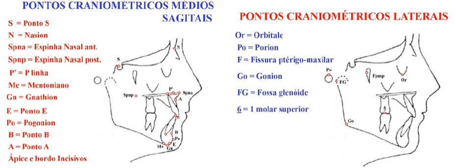 CEFALOMETRIA - Pieter Camper descreve o ângulo facial, formado pela intersecção do Plano de Camper (centro do conduto auditivo externo e base do nariz) e a Linha facial. - Definição do Plano de Fankfurt (plano de orientação do crânio): no crânio, passa pela borda superior do meato acústico externo ao ponto mais baixo da órbita esquerda. Na cabeça, da borda superior do trago ao ponto mais baixo da margem da órbita. Pontos Cefalométricos: · Pontos Sagitais – impares · Pontos Laterais – pares Estes podem apresentar-se duplos, nesse caso pode tomar o ponto médio entre os dois ou aceitar aquele correspondente ao lado esquerdo da face. Pontos: · (Or) – Orbital: no ponto mais inferior do bordo da órbita; · (Fpm) – fissura ptérigo-maxilar: limite posterior da tuberosidade da maxila; · (S) Sela Túrcica – no centro geométrico da sela túrcica; · (N) Násio – ponto mais anterior da sutura fronto-nasal; · (Spna) Espinha Nasal Anterior – ponto mais anterior da maxila; · (Spnp) Espinha Nasal Posterior – ponto mais posterior da maxila; · (Pg) Pogônio – ponto mais anterior do mento ósseo; · (Me) Ponto Mentoniano – ponto mais inferior do mento ósseo; · (Po) Porion – ponto mais superior no bordo esterno do meato acústico externo; · (Go) Gônio – ponto mais posterior e inf. do ângulo da mandíbula; · (Gn) Gnático – ponto mais anterior e inf. do mento; · (Or) Orbital – ponto médio entre N e A; · (A) Ponto A – ponto mais profundo da concavidade subespinhal; · (B) Ponto B – ponto mais profundo da concavidade supramentoniana; Pontos do perfil dos tecidos moles: · (Ls) lábio superior – ponto mais proeminente do lábio, entre o vermelhão e epiderme; · (Li) lábio inferior – ponto mais proeminente do lábio, entre o vermelhão e epiderme; · (Pg’) – ponto mais proeminente do pogônio (mento); · Centro do S nasal. Linhas e Planos: · · Linha PtGn · Longo eixo do (1) incisivo superior e inferior · Linha de Steiner · Linha SN (base anterior do crânio) · Linha NA · Linha NB · Linha NPg · Linha APg · Plano de Frankfurt – pórion direito e esquerdo e ponto Or esquerdo. Divide o terço superior do terço médio e inferior da face. · Plano Biespinhal – angulação da maxila (Spna – Spnp) · Plano Oclusal – plano entre os pontos da arcada. · Plano mandibular/Linha GoGn – linhas paralelas quando não há irregularidades. · Plano facial – entre os pontos N e Po. · Eixo Y de crescimento – (SGn) indica crescimento vertical ou horizontal; ANÁLISE CEFALOMÉTRICA Elementos de diagnóstico: 1. Anamnese: história médica geral. 2. Exame físico do paciente: altura, peso, anormalidades, musculatura facial; exame intraoral, visual e digital. 3. História dental. 4. Radiografias intraorais. 5. Radiografias lateral da mandíbula, etc. 6. Modelos de gesso para registro e acompanhamento. 7. Fotografias. 8. Em casos mais difíceis: Registros cefalométricos adicionais para analise dinâmica, facial, ou posição postural de repouso de mandíbula, posições de fonação da mandíbula, registro com a boca totalmente aberta, registro de opacidade média. 9. Avaliação da maturação sexual e de radiografias de mãos, ou outra área, que informem sobre o progresso de maturação óssea. A radiografia cefalométrica pode oferecer as seguintes informações: · Relacionamento dimensional dos componentes crânio-faciais; · Classificação de anormalidades esqueléticas e dentarias em relação a base do crânio, ao perfil do tecido mole, ao relacionamento inter e intra-maxilar e à dentição; · Expressões de crescimento e desenvolvimento responsáveis pelo padrão dento-facial: se estão situadas na base do crânio, se são devidas a anomalias congênitas. · Condições patológicas ou planejamento de tratamento; · Analises de alterações obtidas nos tecidos moles e duros por terapia ortodôntica, crescimento e a associação delas; · Avaliação da eficácia de diferentes condutas de tto; · Eficácia da contenção; · Alterações de crescimento dento-facial depois que o tto e a contenção foram completados. A partir da radiografia cefalométrica, vamos traçar os pontos de referência cefalométricos, linhas e planos, compondo o cefalograma. O cefalograma permite: · Análise do padrão esquelético · Análise do padrão dentário · Análise do perfil facial ANÁLISE DO PADRÃO ESQUELÉTICO No plano ântero-posterior: · SNA – 82o > 82o A maxila está protruída em relação a base anterior do crânio. < 82o A maxila está retruída em relação a base anterior do crânio. · SNB – 80o > 80o a mandíbula está protruída em relação a base anterior do crânio. < 80o a mandíbula está retruída em relação a base anterior do crânio. · ANB – relação óssea entre maxila e mandíbula (SNA – SNB) 0 a 4 o – Classe I esquelética > 4o – Classe II esquelética < 0o – Classe III esquelética · NAPg – maxila em relação ao perfil total ósseo. 0o – perfil ósseo reto; os três pontos estão na mesma linha. Ponto A atrás de NPg (-) – perfil ósseo côncavo Ponto A na frente de NPg (+) – perfil ósseo convexo No plano vertical: · SNGn – eixo Y do crescimento. Valor normal: 67o > 67 o – predominância do componente vertical de crescimento. < 67 o – predominância do componente horizontal de crescimento. · SN.GoGn Padrão do esqueleto cefálico/sentido predominante de crescimento. Valor normal: 32o – Mesiofacial. > 32o: padrão de crescimento vertical - Dólicofacial. < 32o: padrão de crescimento horizontal – Braquifacial. Estes valores (SN.GoGn e eixo Y) vão descrever a face em 3 tipos morfológicos básicos: · Mesiofacial: valores médios. · Braquifacial: SNGn < 32 e eixo Y < 67. · Dólicofacial: SNGn > 32 e eixo Y > 67. Dólicofacial Padrão de crescimento vertical e predominância do componente vertical de crescimento. A face está crescendo mais para baixo do que frente. Te
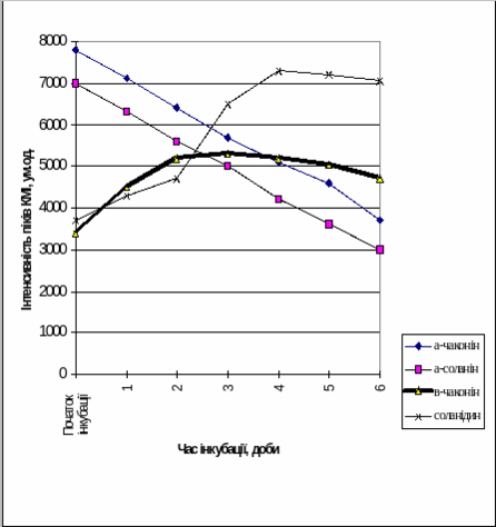 Таким чином з рис.7-11 випливає, що динамiка накопичення в модельнiй системi в процесi iнкубацii b-чаконiна безпосередньо корелює з рiвнем стiйкостi досліджених сортів картоплi по вiдношенню до фітопатогенів. Умовний ряд стiйкостi зазначених сортiв до збудників фітофторозу та фузаріозу, побудований на пiдставi мас-спектрометричних досліджень, в певному наближенні співпадає з аналогічним рядом, отриманим за допомогою класичних методів:
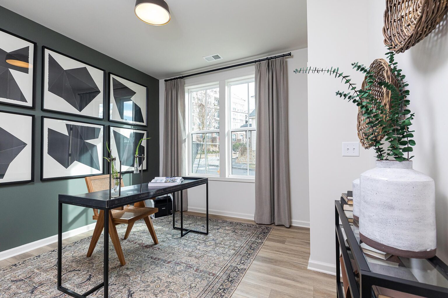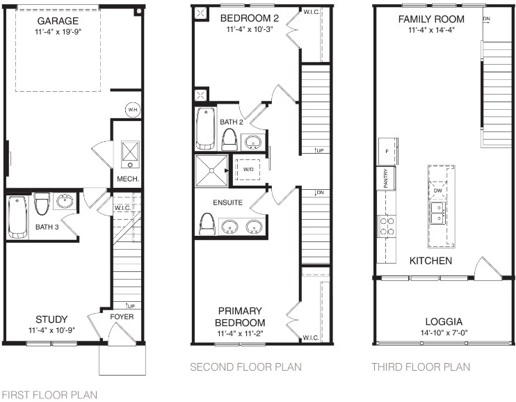The Welkin floor plan showcases our exclusive TOP-FLOOR LIVING™, designed with premium features to elevate your living experience. Enjoy the grandeur of vaulted ceilings and the brilliance of oversized casement windows that flood the space with natural light and offer stunning city views in select units. The gourmet kitchen, equipped with an oversized island and luxurious quartz countertops, seamlessly extends into the top-floor living areas, opening onto a covered loggia perfect for outdoor entertaining. Elegant hardwood stair treads and durable hard surface flooring grace the main living spaces, creating a cohesive and stylish environment. The middle floor is dedicated to comfort, featuring two spacious bedrooms and two well-appointed baths, while the first floor provides a flex room and a convenient garage.
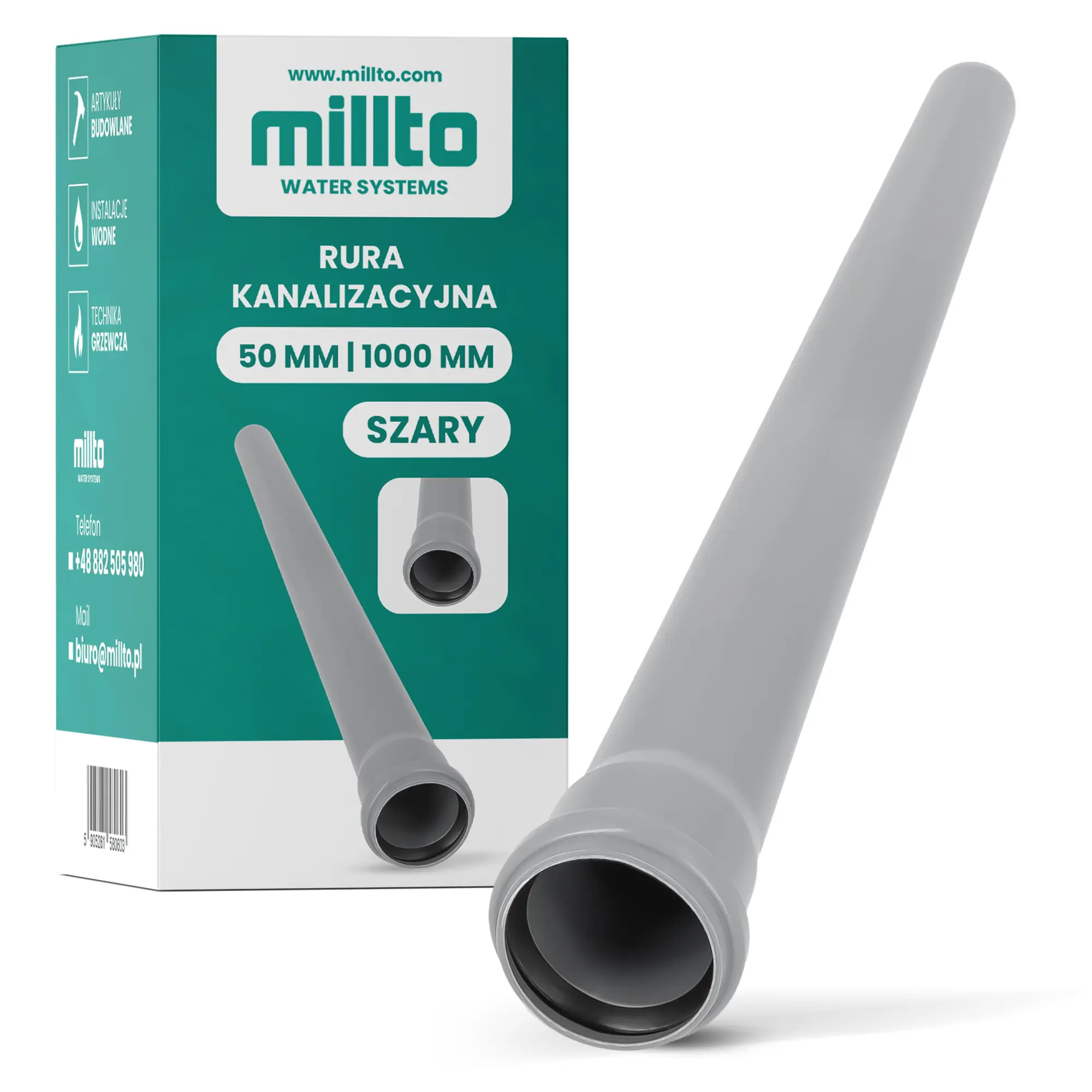 Rura kanalizacyjna 50 mm 1000 mm szary
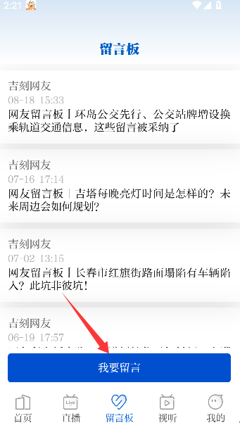 2、进入留言板页面后,点击屏幕中央或右下角醒目的“我要留言”圆形按钮进行下一步。
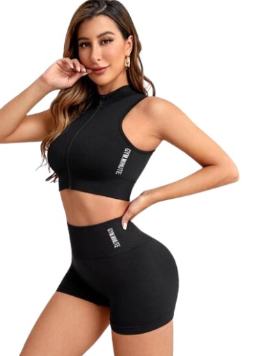KOMPLET SPORTOWY GŁADKI CZARNY TOP LEGGINSY
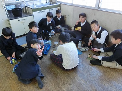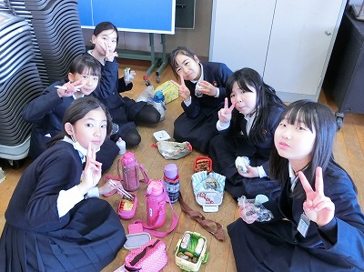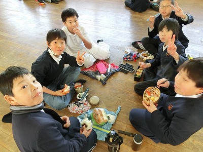 予定では工場近くの公園でお弁当を食べる予定でしたが、非常に寒い日となってしまったので、見学後は急いで学校に戻り、せっかくなので、雰囲気を出すために「多目的室」を使って、みんなでお弁当をいただきました。
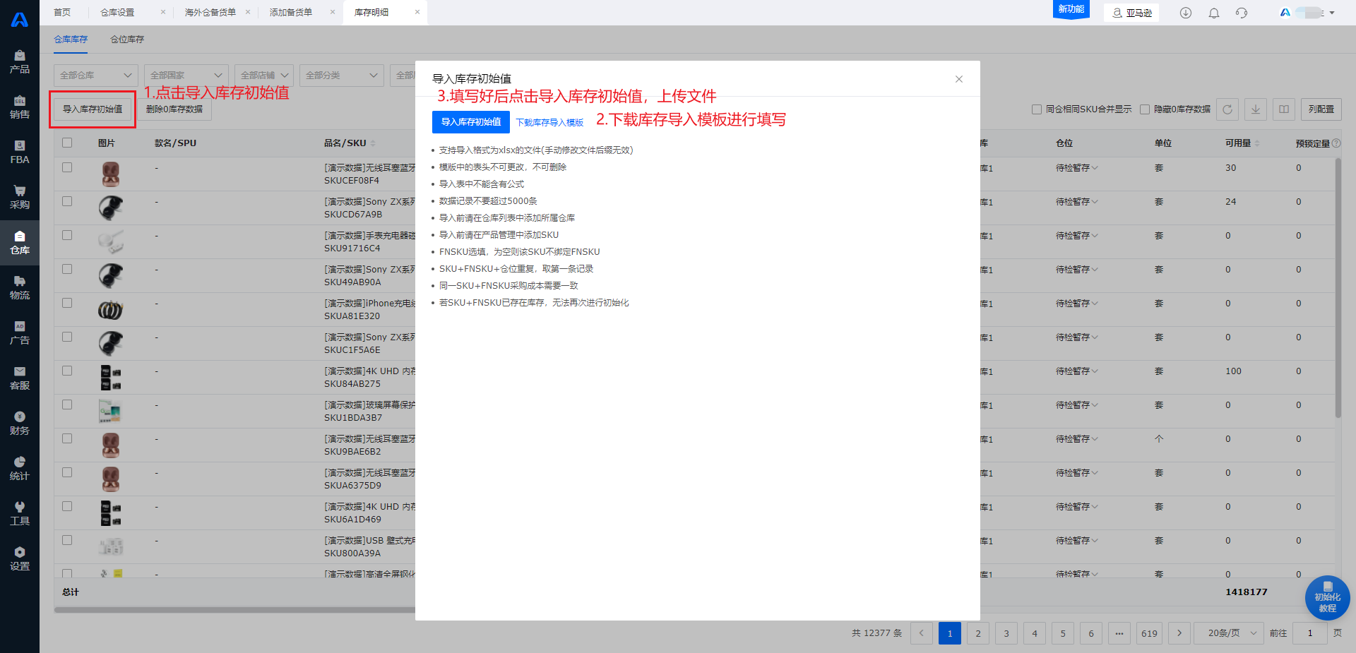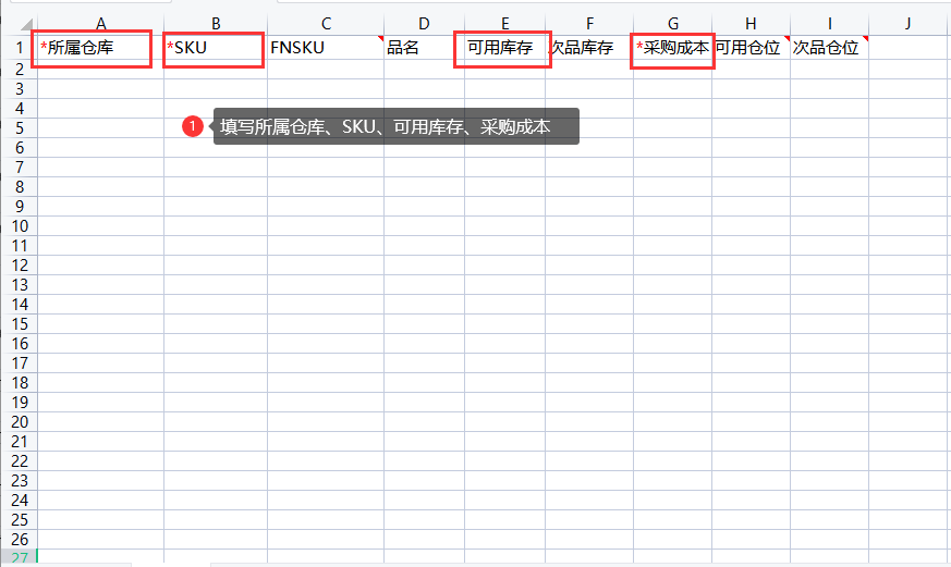 下载导入模板后,将初始库存和相应SKU填写好导入维护初始库存。

* * * * * * * * *

Task details
Go back to the listing above and write out the lines starting at the one with "The Welkin floor" and ending at the one with "KOMPLET SPORTOWY GŁADKI CZARNY TOP LEGGINSY", inclusive, exactly and without pictures.

Exercise output
The Welkin floor plan showcases our exclusive TOP-FLOOR LIVING™, designed with premium features to elevate your living experience. Enjoy the grandeur of vaulted ceilings and the brilliance of oversized casement windows that flood the space with natural light and offer stunning city views in select units. The gourmet kitchen, equipped with an oversized island and luxurious quartz countertops, seamlessly extends into the top-floor living areas, opening onto a covered loggia perfect for outdoor entertaining. Elegant hardwood stair treads and durable hard surface flooring grace the main living spaces, creating a cohesive and stylish environment. The middle floor is dedicated to comfort, featuring two spacious bedrooms and two well-appointed baths, while the first floor provides a flex room and a convenient garage.
 Rura kanalizacyjna 50 mm 1000 mm szary
 2、进入留言板页面后,点击屏幕中央或右下角醒目的“我要留言”圆形按钮进行下一步。
KOMPLET SPORTOWY GŁADKI CZARNY TOP LEGGINSY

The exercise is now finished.